Whereupon, that same day, Richard Sabern, after taking oath upon the Holy Evangels that he would say or affirm nothing but what he knew to be the truth in this matter, immediately deposed that when William Bury had reached a critical point in his illness, Jane sent for Richard Sabern, who was then the sacristan of the church of St. Runwald, Colchester, in which parish stood William Bury's residence; Jane requested Richard Sabern to arrange for William Bury to have the holy sacraments administered to him as soon as possible. At Jane's summons, Richard came as quickly as he could to the residence of William Bury, where he then lay ill, and there he saw (among others) Benet Popy, an educated man, with pen and ink.



DISCUSSION

The surviving copy of the record of this investigation ends abruptly and incomplete as above.

If the accusation made by William Bury's daughter Katherine and her husband has any foundation, then the implication is not merely that a will was forged, to fill the void left by Bury's death before he could carry out his intent to dictate a will on his death-bed, but that the beneficiaries of this forged document – Bury's other daughter Jane and her husband – subsequently had a second forgery made to improve the terms of the original. Whether the absence of further record of the depositions implies, as Benham thought, that the bailiffs were not convinced of the truth of the accusation and never completed their investigation, or whether due to some defect in the register in which a copy was made – or perhaps the whole was never even copied into the register – we cannot say. But the fact that the bailiffs felt it appropriate to draw up a testimonial letter documenting the evidence is suggestive that they felt the accusation was not groundless. Their concern may have been prompted by the possible compromise of the official borough record as much as anything else.

A few scattered points can be added that corroborate more than elucidate. Although the court roll for the administrative year 1471/72 has not survived to us, a calendar of selected features of the court rolls includes the fact that the testament of William Bury was indeed registered in that roll, roughly 20 years prior to the investigation, as Edmund Martyn correctly remembered.

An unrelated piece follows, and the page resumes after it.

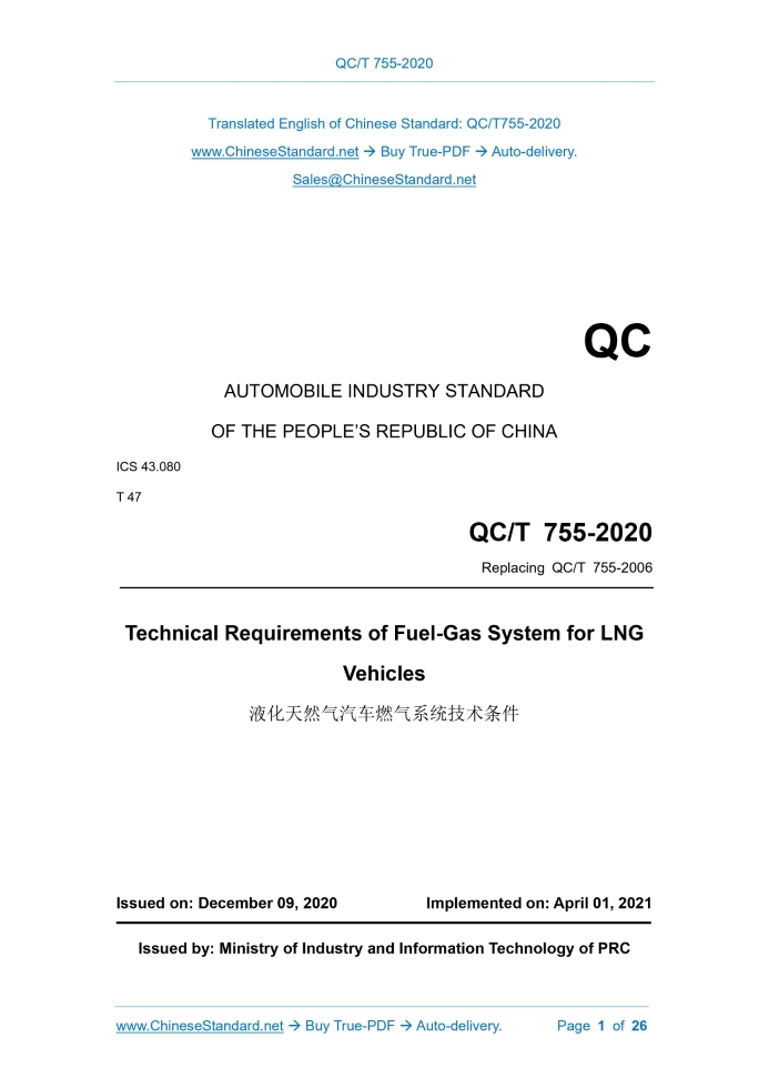 QC/T 755-2020: Technical Requirements of Fuel-Gas System for LNG Vehicles Delivery: 9 seconds. True-PDF full-copy in English & invoice will be downloaded + auto-delivered via email. See step-by-step procedure Status: Valid QC/T 755: Historical versions

We do not know much about William Bury. He was already resident in Colchester in 1445 when he obtained, without fee, citizenship at Ipswich; that act was probably prompted by family reasons (inheritance), his lawyer father having served as Ipswich's town clerk and later, in the 1420s, as coroner and parliamentary representative. The testator of ca.1472 was alive, but probably underage, when his father had become a freeman of Ipswich in 1421. William Bury junior played no similar role at Colchester to that his father had at Ipswich, not being seen involved in any way in affairs of local government, and his business is unknown, although he may have been the William Bury who was licenced in 1439 to ship 500qt. of barley from Yarmouth to Colchester.

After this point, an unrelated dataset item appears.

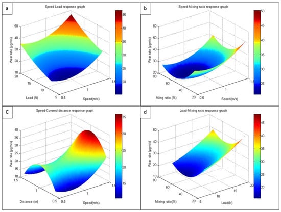 (a–d) Response surface graphs of the combined effects of the control parameters on the wear rate.

Whether the thrust of Katherine's challenge to the purportedly false will was intended to nullify it and thereby ensure herself of an immediate share in the properties then in Jane's hands, or whether the concern was rather with the issue of the nature of Jane's rights in those properties (for life vs. unfettered ownership) is not clear, as we do not know for certain which daughter was elder; however, when Bury had entered the franchise at Ipswich the only of his children mentioned were Nicholas, Katherine, and Margaret, and this list would likely have been complete for that date (but Jane might not have been mentioned if already married). The long delay between the death and the challenge to the will is mystifying, if Katherine was suspicious about the terms of the will. But perhaps the purpose of the version drafted by Algood was for Jane to show Katherine, a more plausible version that might pacify the latter and avert any legal challenge until too late. Possibly Jane's own death, and a consequent revelation that the property would not revert to her older sister, occasioned the challenge. As is too often the case with medieval legal battles, we see only part of the evidence and cannot surely decide where lies the truth.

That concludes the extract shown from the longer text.